Required action: Would you reproduce exactly the lines below from the one holding "На фотографии осенний" through the one holding "Рашид Нургалиев переназначен", inclusive, and no others?

Given data:
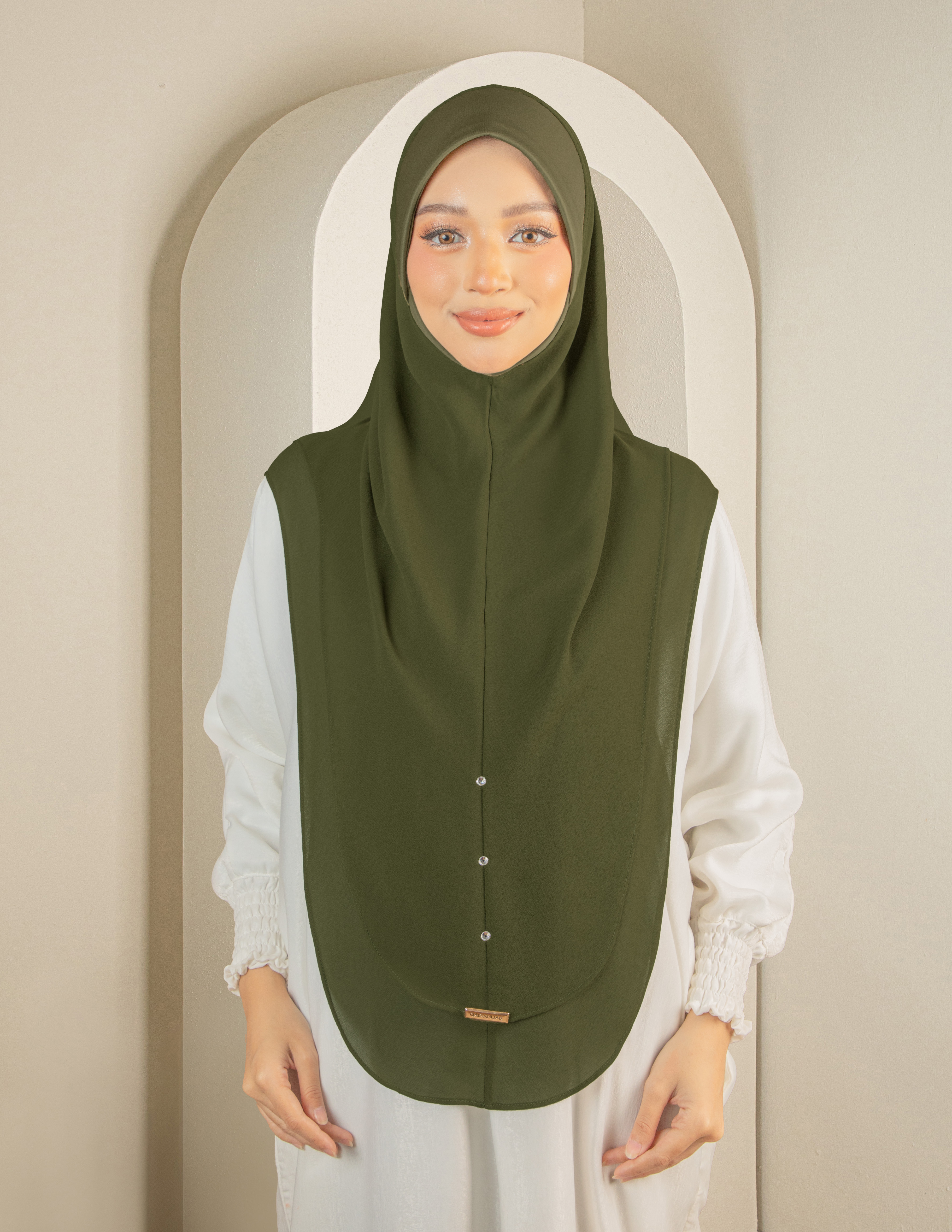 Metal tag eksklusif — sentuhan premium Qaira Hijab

...

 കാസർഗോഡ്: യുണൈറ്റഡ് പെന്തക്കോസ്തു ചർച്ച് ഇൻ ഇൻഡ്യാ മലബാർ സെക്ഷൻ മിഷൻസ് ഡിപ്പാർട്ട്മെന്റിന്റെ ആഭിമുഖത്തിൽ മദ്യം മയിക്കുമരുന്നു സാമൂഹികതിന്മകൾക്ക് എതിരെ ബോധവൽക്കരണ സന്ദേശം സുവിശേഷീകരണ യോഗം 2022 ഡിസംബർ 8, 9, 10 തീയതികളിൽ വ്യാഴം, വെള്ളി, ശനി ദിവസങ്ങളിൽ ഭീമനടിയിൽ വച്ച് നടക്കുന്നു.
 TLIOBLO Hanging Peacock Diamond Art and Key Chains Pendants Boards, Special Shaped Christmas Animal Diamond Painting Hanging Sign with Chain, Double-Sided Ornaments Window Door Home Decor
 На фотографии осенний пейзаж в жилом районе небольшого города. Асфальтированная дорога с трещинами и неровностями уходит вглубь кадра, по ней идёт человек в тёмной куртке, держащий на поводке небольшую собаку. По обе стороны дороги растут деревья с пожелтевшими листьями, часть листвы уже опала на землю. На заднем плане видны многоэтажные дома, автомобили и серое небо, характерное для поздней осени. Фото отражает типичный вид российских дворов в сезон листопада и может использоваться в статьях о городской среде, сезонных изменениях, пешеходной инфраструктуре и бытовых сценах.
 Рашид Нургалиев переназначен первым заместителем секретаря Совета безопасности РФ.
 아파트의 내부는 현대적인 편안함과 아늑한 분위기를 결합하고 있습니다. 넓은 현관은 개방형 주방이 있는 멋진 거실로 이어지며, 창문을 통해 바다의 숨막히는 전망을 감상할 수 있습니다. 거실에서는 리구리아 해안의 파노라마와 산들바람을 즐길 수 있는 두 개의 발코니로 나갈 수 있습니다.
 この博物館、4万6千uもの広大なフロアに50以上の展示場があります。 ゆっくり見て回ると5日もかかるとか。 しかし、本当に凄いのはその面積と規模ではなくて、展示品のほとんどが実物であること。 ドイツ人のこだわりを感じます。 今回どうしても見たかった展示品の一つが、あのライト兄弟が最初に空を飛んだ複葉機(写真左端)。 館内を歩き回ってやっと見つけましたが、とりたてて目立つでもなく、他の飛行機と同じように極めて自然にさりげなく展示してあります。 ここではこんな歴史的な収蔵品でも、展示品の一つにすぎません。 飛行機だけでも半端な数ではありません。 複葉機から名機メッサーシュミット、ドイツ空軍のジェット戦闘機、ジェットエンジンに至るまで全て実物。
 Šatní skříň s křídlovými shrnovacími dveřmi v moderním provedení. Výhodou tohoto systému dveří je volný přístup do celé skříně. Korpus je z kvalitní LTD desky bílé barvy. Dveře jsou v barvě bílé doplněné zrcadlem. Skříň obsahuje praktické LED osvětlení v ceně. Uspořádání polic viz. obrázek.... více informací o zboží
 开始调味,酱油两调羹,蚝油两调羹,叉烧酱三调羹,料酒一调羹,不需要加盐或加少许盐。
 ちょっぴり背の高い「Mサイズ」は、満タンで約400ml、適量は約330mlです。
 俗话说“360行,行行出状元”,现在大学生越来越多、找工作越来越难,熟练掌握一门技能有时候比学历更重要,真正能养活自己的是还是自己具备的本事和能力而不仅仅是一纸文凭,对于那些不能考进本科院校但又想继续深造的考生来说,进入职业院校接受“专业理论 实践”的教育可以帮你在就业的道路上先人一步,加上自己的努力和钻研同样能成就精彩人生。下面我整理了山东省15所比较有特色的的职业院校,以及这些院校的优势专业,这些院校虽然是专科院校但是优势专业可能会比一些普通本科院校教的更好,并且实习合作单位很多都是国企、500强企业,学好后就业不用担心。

Answer space:
 На фотографии осенний пейзаж в жилом районе небольшого города. Асфальтированная дорога с трещинами и неровностями уходит вглубь кадра, по ней идёт человек в тёмной куртке, держащий на поводке небольшую собаку. По обе стороны дороги растут деревья с пожелтевшими листьями, часть листвы уже опала на землю. На заднем плане видны многоэтажные дома, автомобили и серое небо, характерное для поздней осени. Фото отражает типичный вид российских дворов в сезон листопада и может использоваться в статьях о городской среде, сезонных изменениях, пешеходной инфраструктуре и бытовых сценах.
 Рашид Нургалиев переназначен первым заместителем секретаря Совета безопасности РФ.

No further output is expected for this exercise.